GR L 27018; (August, 1972) (Digest)
G.R. No. L-27018 August 30, 1972
AMORSOLO R. MANZANO, petitioner-appellant, vs. JUDGE PATROCINIO S. VILLA, the MUNICIPAL JUDGE OF VICTORIA, TARLAC and the CHIEF OF POLICE OF VICTORIA, TARLAC, respondents-appellees.
FACTS
Police Sergeant Felix G. Felipe, designated as acting chief of police, filed three criminal complaints (for assault upon an agent of a person in authority, alarm and scandal, and concealing a deadly weapon) against Amorsolo Manzano before the Municipal Court of Victoria, Tarlac. These complaints stemmed from a single incident on May 7, 1966. The municipal judge conducted a preliminary examination by taking sworn statements from several witnesses in question-and-answer form and subsequently issued warrants of arrest. Manzano, through counsel, filed a motion to dismiss and recall the warrants, arguing he was not notified of the examination nor given a chance to cross-examine witnesses, and later supplemented it by challenging Sgt. Felipe’s authority to file the complaints as he was merely designated, not formally appointed, as chief of police.
The municipal judge did not act on the motion. Consequently, Manzano filed a petition for mandamus and prohibition with the Court of First Instance (CFI) of Tarlac to compel the judge to resolve the motion and to halt the criminal proceedings. The CFI issued a preliminary injunction but later dismissed the petition. Manzano appealed, contending the complaints were defective, the preliminary examination was illegally conducted, and the CFI erred in dismissing his petition without a formal hearing.
ISSUE
Whether the Court of First Instance correctly dismissed the petition for mandamus and prohibition challenging the validity of the criminal complaints and the preliminary examination conducted by the municipal judge.
RULING
Yes, the CFI’s dismissal was correct. The Supreme Court affirmed the order, holding that the petition for mandamus and prohibition was without merit and prematurely filed. On the authority to file complaints, Sgt. Felipe, as a member of the municipal police, was a peace officer under Section 2, Rule 110 of the Rules of Court, authorized to subscribe to criminal complaints. His designation as acting chief of police, even without a formal appointment, did not strip him of this inherent authority as a peace officer.

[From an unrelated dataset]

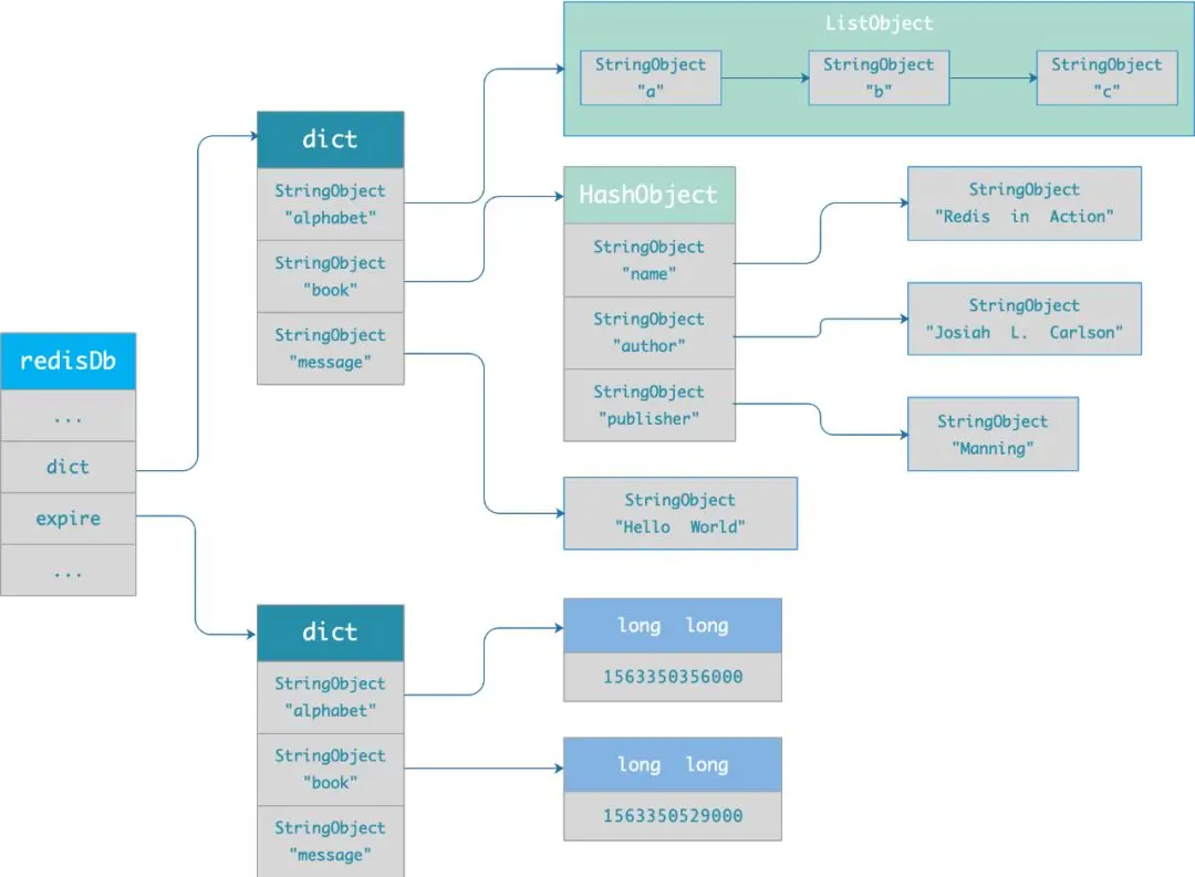 • 过期字典的 value 是一个 long long 类型的整数,这个整数保存了 key 的过期时间;
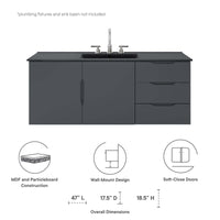 Energize your bathroom space with the modern design of the Vitality 48" Wall-Mount Bathroom Vanity. Boasting a sleek, clean-lined silhouette, this vanity is durably crafted with particleboard and MDF with a melamine finish. This vanity features a wall-mount design and is complete with ample storage space for all your bathroom essentials with two spacious drawers and an under-sink storage area behind two soft-close doors. This vanity boasts an open back design to accommodate plumbing. Sink basin and fixtures not included. Assembly required.

Regarding the preliminary examination, the Court ruled it was conducted in accordance with law. The sworn statements of witnesses, taken in question-and-answer form before the judge, complied with the requirement under Section 87(e) of Republic Act No. 296 , as amended. A preliminary examination is ex parte and not a trial on the merits; its purpose is merely to determine probable cause for arrest. The accused has no right to be present or to cross-examine witnesses at this stage, as held in Bustos v. Lucero. Thus, Manzano’s claim of denial of due process was unfounded.
The Court further found the petitions for mandamus and prohibition improper. Prohibition did not lie because any error in the judge’s appreciation of evidence was not a grave abuse of discretion warranting such writ. Mandamus was also not warranted, as the municipal judge’s failure to act on the motion to dismiss within roughly three weeks did not constitute gross neglect, especially since the motion lacked a proper notice of hearing. Manzano’s remedy was to await arraignment and file a motion to quash under Rule 117, or to first seek action from the municipal court before resorting to a higher court. His petition was premature and merely delayed the proceedings.